* _Exercise brief_:
Output the records below verbatim, minus the pictures.

(Dataset records)
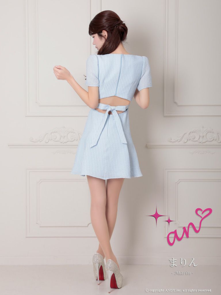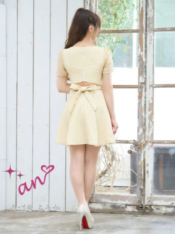 キャバドレス an ガーリー ジップデザイン 半袖 Vカット 背中魅せ バックリボン フェイクポケット フレアミニドレス
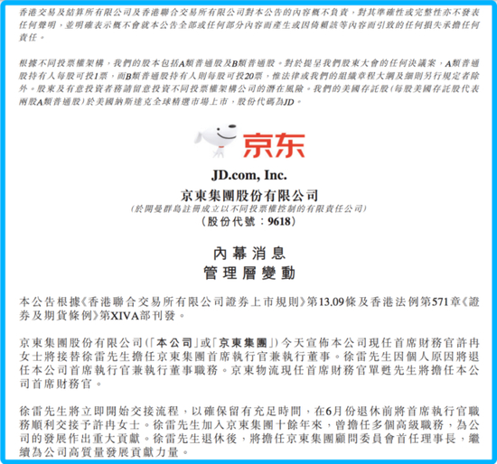 在发布的管理层变动公告中,京东集团写到“徐雷先生将立即开始交接流程,以确保留有充足时间,在6月份退休前将首席执行官职务顺利交接予许冉女士”。
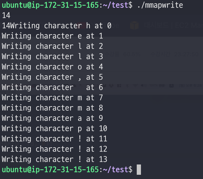 - 위의 결과처럼, munmap()과 msync()를 사용하지 않아도 작업을 완료하면 자동으로 동기화를 수행하는 것을 확인할 수 있다.
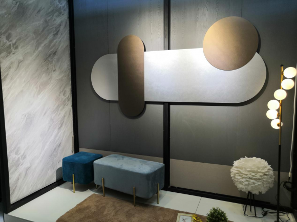 原材料精選,基材環保標準遠高于新國家標準(E1級),達到E0級標準。在顏色的選擇上,顏色大膽、時尚、個性化,有木、鐵、皮、布、石五種主要飾面,可以說滿足了許多客戶的不同需求。在整理過程中,采用高端浸漬紙熱壓基材,施加技術力量進行整理,確保質量和數量。這正是新板材產品受到許多參展商歡迎的原因,而且展位一經推出就非常受歡迎。
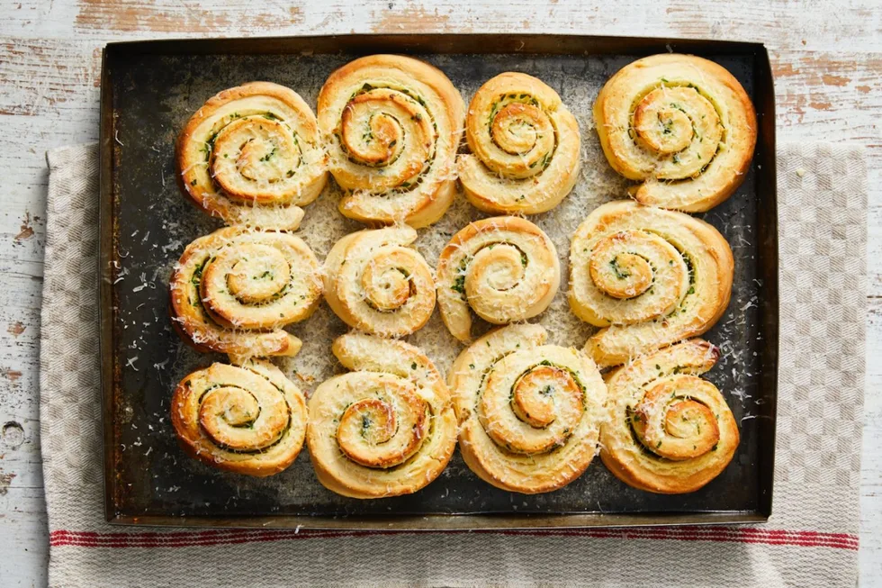 Remove scrolls from oven. Sprinkle with parmesan. Serve warm.

* _Exercise response_:
 キャバドレス an ガーリー ジップデザイン 半袖 Vカット 背中魅せ バックリボン フェイクポケット フレアミニドレス
 在发布的管理层变动公告中,京东集团写到“徐雷先生将立即开始交接流程,以确保留有充足时间,在6月份退休前将首席执行官职务顺利交接予许冉女士”。
 - 위의 결과처럼, munmap()과 msync()를 사용하지 않아도 작업을 완료하면 자동으로 동기화를 수행하는 것을 확인할 수 있다.
 原材料精選,基材環保標準遠高于新國家標準(E1級),達到E0級標準。在顏色的選擇上,顏色大膽、時尚、個性化,有木、鐵、皮、布、石五種主要飾面,可以說滿足了許多客戶的不同需求。在整理過程中,采用高端浸漬紙熱壓基材,施加技術力量進行整理,確保質量和數量。這正是新板材產品受到許多參展商歡迎的原因,而且展位一經推出就非常受歡迎。
 Remove scrolls from oven. Sprinkle with parmesan. Serve warm.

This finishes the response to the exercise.